If CNN was designed to take square input then the kernel operating on the input will need some way of covering the whole square area - eg would need to pad rectangular out to square.
On top of the images you show above are bounding boxes for object detection- which above are pretty commonly rectangular. The convolution operator/s is/are smaller than the image and is/are moved about the image - so can identify smaller parts of the image
@kodzaks - The answer is unfortunately, yes and no. I’ll try to explain:
In fully convolutional CNNs, nothing “breaks” with non regular sized images as long as the pixel dimensions in height/width are a perfect multiple of the factor by which the CNN reduces spatial size by the last layer. For example, with YOLO v2 and v3, this factor is 32X, so all images need to have width = height as a multiple of 32.

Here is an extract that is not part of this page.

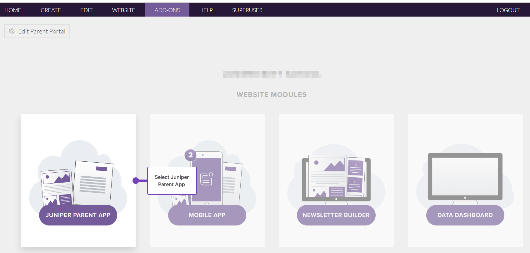 2. From Add-Ons, select Juniper Parent App:
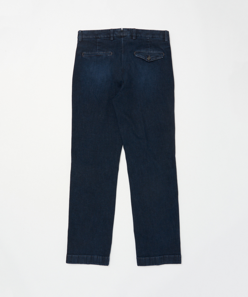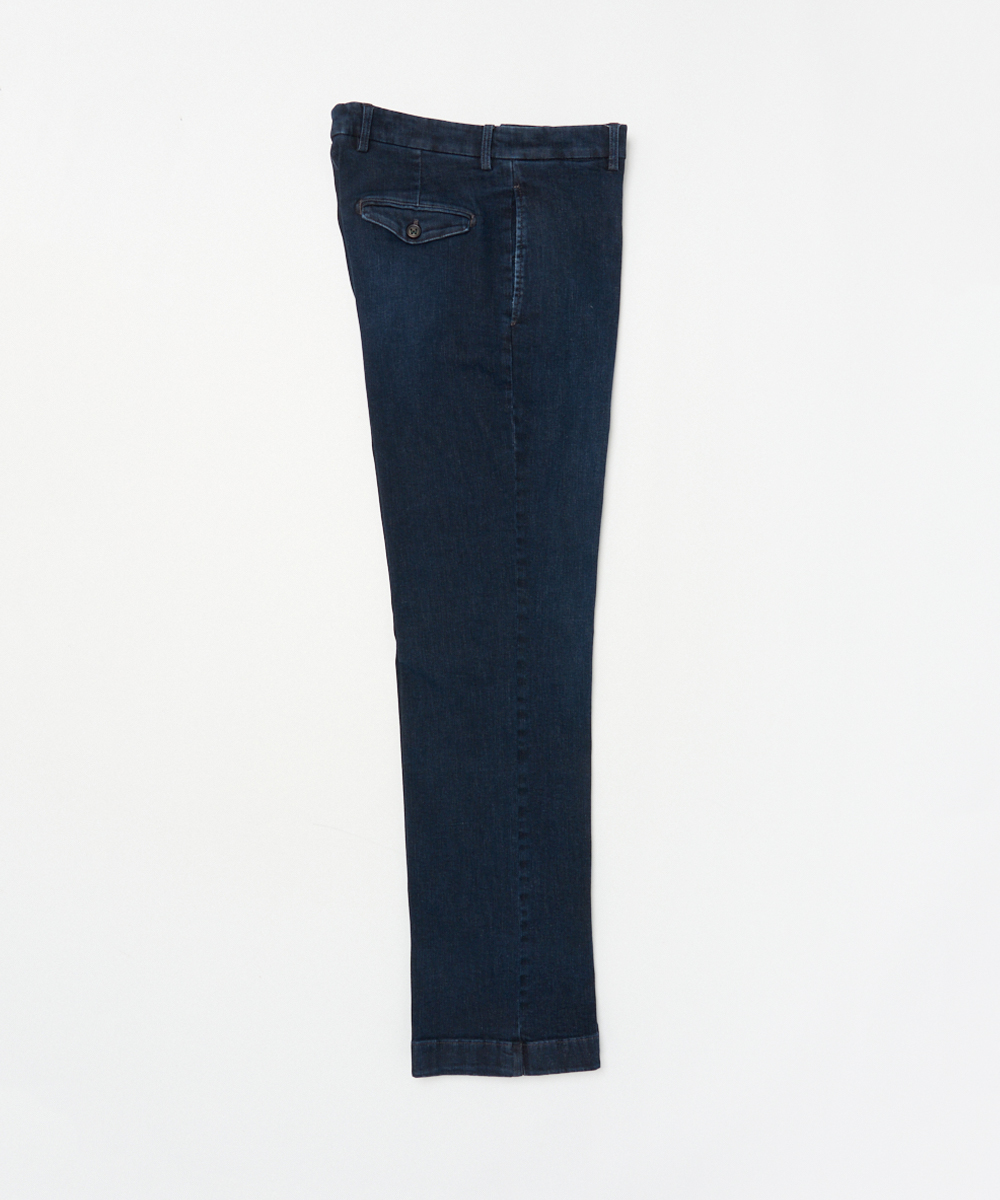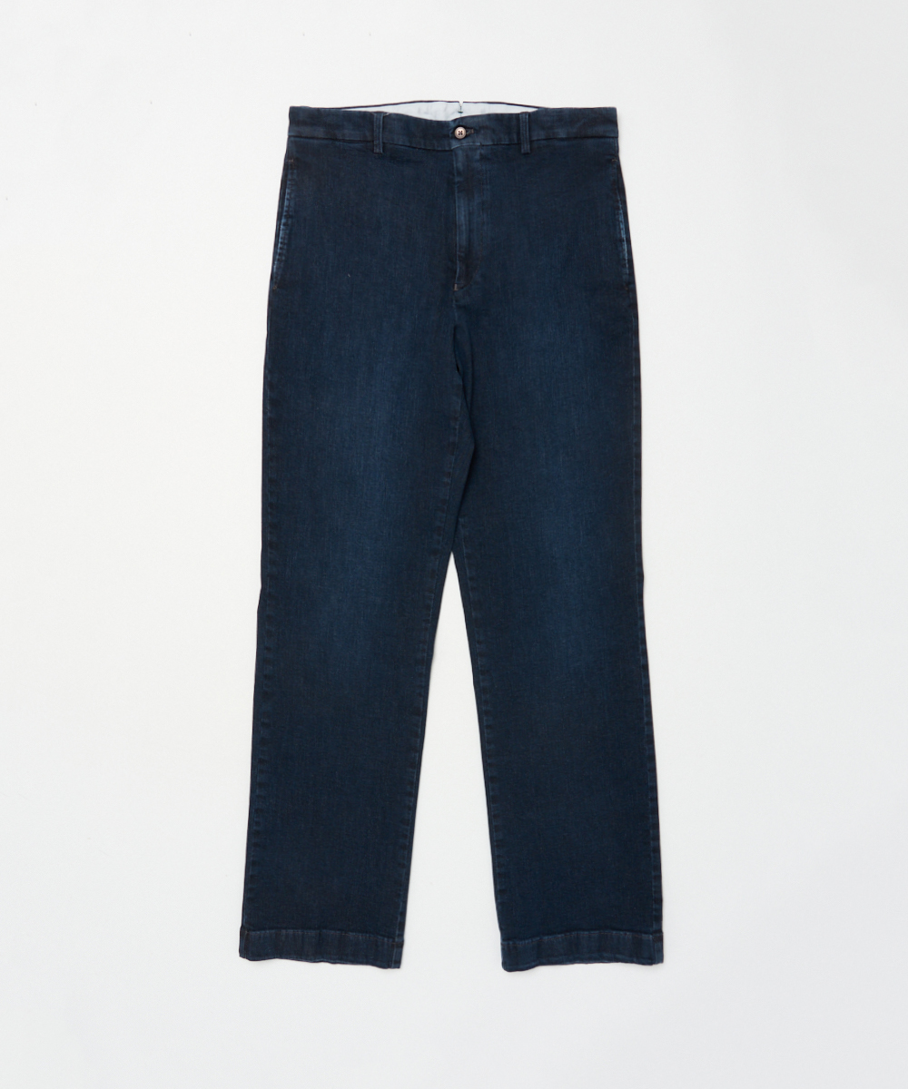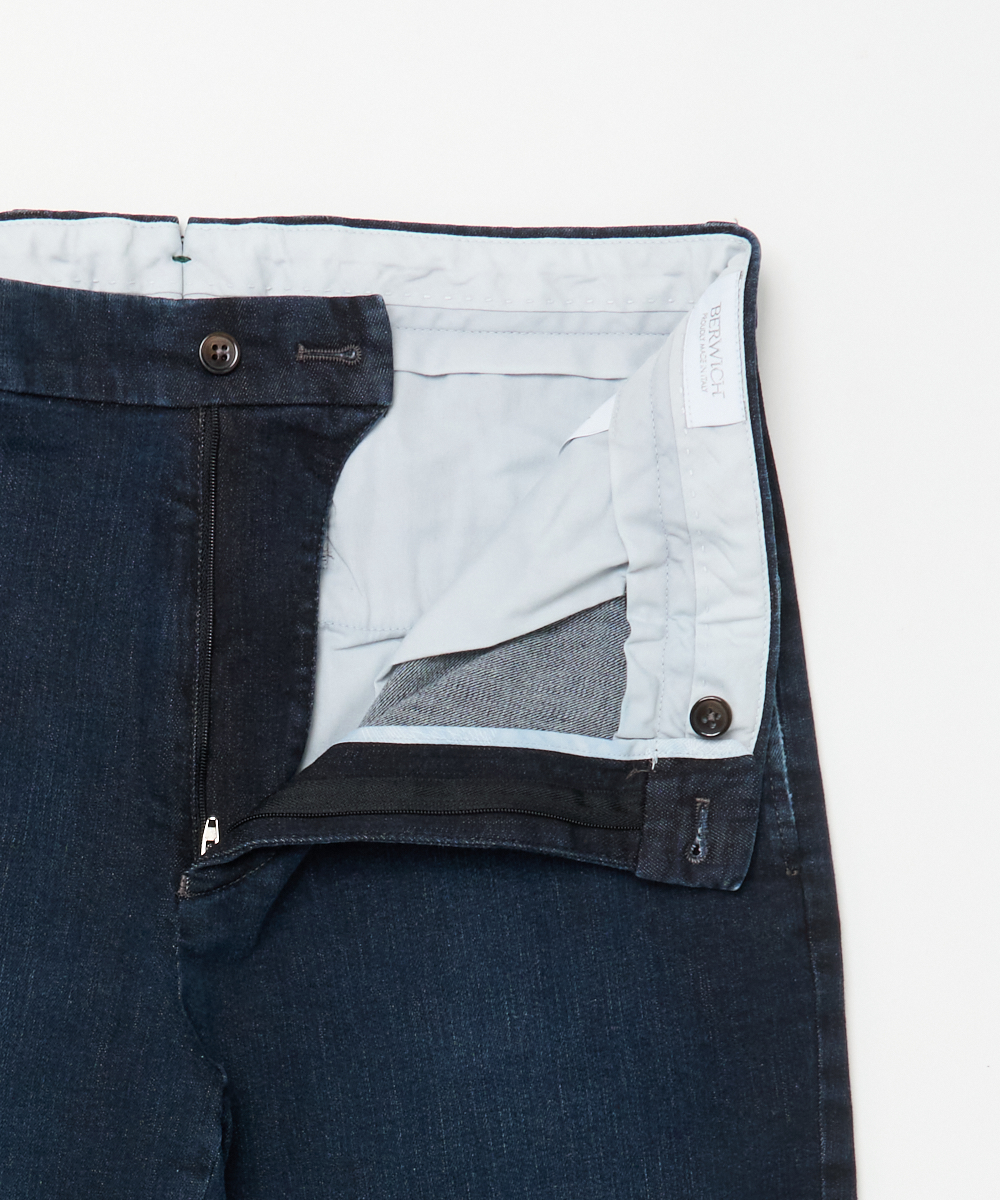 ワイドストレート×デニムという組み合わせにより、BERWICHが誇る美脚ラインを最大限に引き出した一本。穿き込むほどに馴染み、さりげない色落ちがスタイリングにこなれ感を与えます。デニムの表情を持ちながらも、スラックスとしての品格を備えているため、ラフになりすぎず、革靴からスニーカーまで幅広い足元と好相性です。

Assuming that this condition is met, a lot of object-detection algorithms can be run on different sized images and still produce an output featuremap that is larger than the regular one for the “recommended” image size. This larger featuremap is equivalent to having run the algorithm several times on different crops of the original larger image. As long as the final step for classification/ROI determination doesn’t make any hard assumptions about the size of the output featuremap, the CNN architecture should be able to handle different dimensions.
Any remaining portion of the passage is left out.